Schematic overview of αSyn toxicity and the protective interplay between calcineurin, Pep1 and Pep4. The expression of human αSyn in yeast cells (upper part in gray) led to mislocalization of Pep1 at the vacuolar membrane and of Pep4 in prevacuolar compartments. These events resulted in reduced enzymatic activity (indicated with stars) of Pep4. Furthermore, vacuolar morphology was changed upon αSyn expression, leading to a single enlarged vacuole. This was accompanied by oligomerization and aggregation of αSyn and acidification of the cytosol.

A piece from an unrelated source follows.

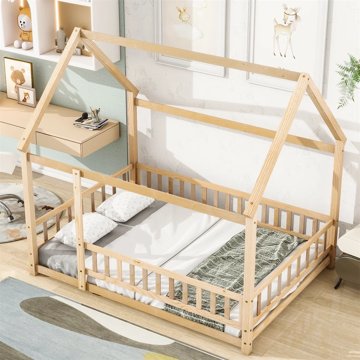 Contemporary Style 1pc Full Size Bed Natural Finish Melamine Laminate Rustic Aesthetic Bedroom Furniture
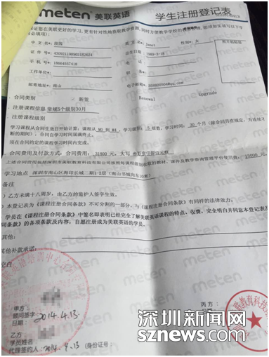 段女士告訴記者,2014年她在網(wǎng)上與美聯(lián)英語的客服人員取得聯(lián)系后,便前往南山區(qū)海印長(zhǎng)城二期1-2層的美聯(lián)英語中心試聽課程,并于當(dāng)年4月報(bào)讀了M0—M4五個(gè)級(jí)別共31800元的課程。段女士當(dāng)時(shí)選擇的是分期付款方式,在完成首付3200元后,其余的金額由銀行每月自動(dòng)扣除1100余元。截至目前,段女士已連續(xù)繳費(fèi)22個(gè)月。

Co-expression of Pep4 (lower part in white), the yeast ortholog of human cathepsin D (CatD), resulted in a stabilization of cytosolic pH, a decrease of αSyn oligomers and the formation of multiple small vacuoles, causing a higher vacuolar surface-to-volume ratio compared to cells only expressing αSyn. Ultimately, these beneficial effects of Pep4 prevented αSyn-induced cell death. Pep4-mediated cytoprotection required calcineurin, which is essential for proper localization of Pep1 and Pep4, as well as for subsequent activation of Pep4.